We are drowning in death. Mexico executes its own teachers in Oaxaca. A homophobe opens fire in an Orlando nightclub; a racist does the same in a Charleston church. Another indigenous environmental activist is gunned down in Honduras less than four months after the murders of two other prominent organizers. Bombings and shootings in Istanbul, Dhaka, Baghdad, and an attack at Medina in the final days of Ramadan, akin to invading the Vatican at Christmas. So many deaths in Afghanistan, Cameroon, Democratic Republic of Congo, Iraq, Kazakhstan, Jordan, Lebanon, Lybia, Madagascar, Niger, Nigeria, Pakistan, Somalia, Syria, Yemen that we stop paying attention. Every 28 hours in the U.S., a Black man, woman or child is shot by police. The onslaught never stops. We alternately witness, express outrage, march, curl inwards around our own pain, and resign ourselves to more of the same.
Those of us lucky enough to be alive tend to fall into two major camps: Identifying with each loss (or as many as hit the news) and wracking our hearts and minds for solutions; or miniziming the deaths, justifying and trying to explain them away.
It’s easy to shut down in the face of violence, to hide under the blankets, distracted by our passtimes or political convictions. But always pretending that the pain is not real because it hurts too much.
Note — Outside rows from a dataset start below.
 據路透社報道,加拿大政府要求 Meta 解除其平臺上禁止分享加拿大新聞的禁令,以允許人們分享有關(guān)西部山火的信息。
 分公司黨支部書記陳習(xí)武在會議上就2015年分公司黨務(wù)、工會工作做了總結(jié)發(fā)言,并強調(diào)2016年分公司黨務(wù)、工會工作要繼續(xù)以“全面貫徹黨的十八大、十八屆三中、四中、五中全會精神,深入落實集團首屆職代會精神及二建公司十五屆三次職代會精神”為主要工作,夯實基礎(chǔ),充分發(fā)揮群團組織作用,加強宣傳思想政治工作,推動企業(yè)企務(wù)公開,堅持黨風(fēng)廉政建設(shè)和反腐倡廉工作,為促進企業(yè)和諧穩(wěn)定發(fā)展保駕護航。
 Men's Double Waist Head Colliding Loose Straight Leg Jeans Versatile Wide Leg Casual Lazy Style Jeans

A few decades ago, the phrase “going postal” signaled serious danger and the acknowledgement that such an act of violence was rooted in mental illness. It constrasted with rhetoric about “drivebys” as a social pathology of violence brutalizing inner cities.
We’ve witnessed a sit-in for gun control in the U.S. House of Representatives, but no real changes are on the horizon.
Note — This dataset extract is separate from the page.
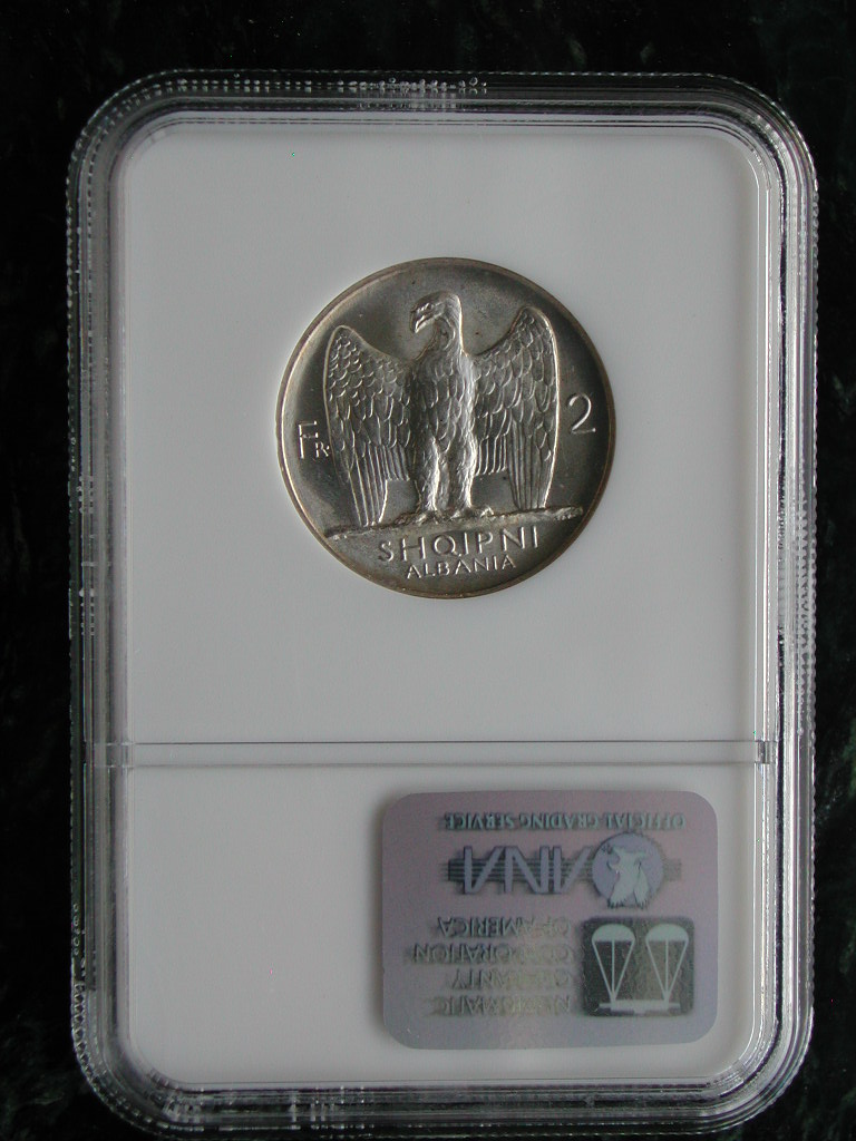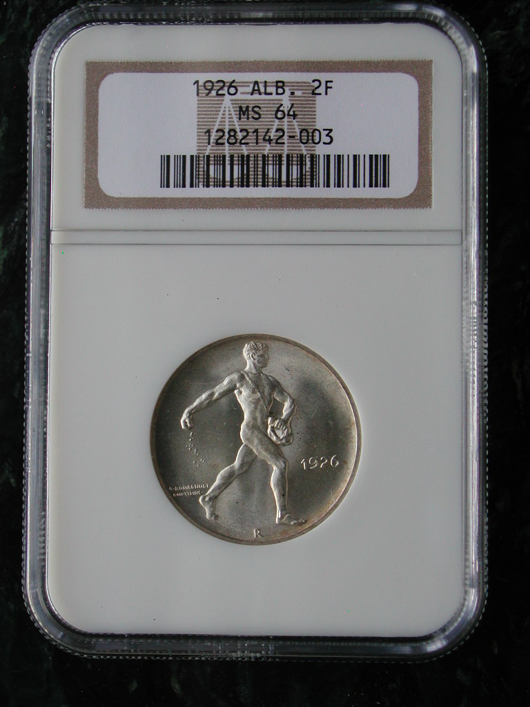 Nope, I'm not Albanian. I bought a used 1994 twin century Krause catalog in 1995 and only made it to the Albanian section before I was so enamored I couldn't get any further in the catalog. Well, not exactly, --I did in fact make it through the rest of the book-- but you get the idea. If I had to be a little more specific about my attraction, it would be the work of Guiesseppe Romagnoli that I find so irresistable. And so in addition to Albania, I also have a decent collection of Italian coins, and even Somalia since at one time (even up 1950 our pal Romagnoli was still designing coins) the coins of Somalia were also struck at the Rome mint. If you paid $3300 for the 1927 Star-Star in MS62 then you probably got a reasonable deal provided its accurately graded. I had 8 of the 9 coins for quite some time before I finally purchased the last one I needed, the 1926 Single Star. I had seen a bunch of others in auctions that were spotted bad or had other problems. Saw one that was graded as MS62 that was pretty beat-up. Finally, I decided it was better to settle for a decent looking AU58 (from Mark Teller, $2450) than to keep looking forever. I had gotten close one time previously 6 or 7 years ago when I purchased an 1926 Single Star from Clark Smith raw for $995, then sent it to PCGS only to have it come back as "questionable authenticity" --I returned the coin to Smith for a refund. He then sent it to NGC, got it slabbed as MS62, and then offered the same coin to me for $2,000.00 Needless to say, its one of the reasons I no longer buy many coins from him. I too, own all the minors, including multiples of most of them. the 5 and 10 qindar lek are much more common now than they were 7 or 8 years ago. Yet prices have held-up reasonably well on them in spite of the increase in supply. Ie I were to give any guidance on collecting the minors, it would be this: The 1926 coins are far more plentiful than the later years. There are a fair number of the 1927 issues too, but once you get to 1930 and 1931 they become much more scarce in mint state (circulated, plentiful), yet they carry the same price. Hence, if you see a 1930-V (struck in Vienna) or a 1931-L (struck in London) cupronickel 1 Lek slabbed as MS65 or better for the same price as a 1926 in MS65, for-sure jump on it, as its probably worth multiples of the 1926 price in my opinion though the catalogs don't really show it. On the 1926 Albania 2 Franga, I paid $200 for it at the Chicago Internation Coin Fair in 1996. It was one of the first coins in the Albanian collection. Like yours, MS64. Another coin with a solid shot at a higher grade. I think it would CAC in a 66 holder, but then I'm the owner so I'm a little biased.

I am in mourning for all lives lost all over the world, yesterday, this year and over the centuries. I’ve been dreaming about genocide, present and historical, for over a month. Shortly after Orlando, I awoke to visions of mushroom clouds, heard the cries of all those lost at Nagasaki and Hiroshima. I felt the pain lives lost in acts of colonization and genocide: Wounded Knee, Tenochtitlan, Tulsa, the Holocaust, turn of the century pogroms, Rwanda, Vietnam, Yugoslavia.
Basta ya — enough is enough. Wishing there was greater international compassion for Muslim communities reeling from recent bombings and shootings. Wishing more folks cared about teachers massacred in Oaxaca last month. I understand the political-economics of targeted media/social media silence but it leaves a bad taste in my mouth. Eid Mubarak to those in mourning while they should be celebrating the end of Ramadan. Que Viva la Gente to those struggling to survive governments hostile to their own people. Prayers that the rest of us find compassion for other’s suffering even as we continue to mourn Orlando and the accumulated losses of our own communities.
Racism is real. Hatred is real. Violence is real. Oppression is real. And yet so is love, so is love, so is love.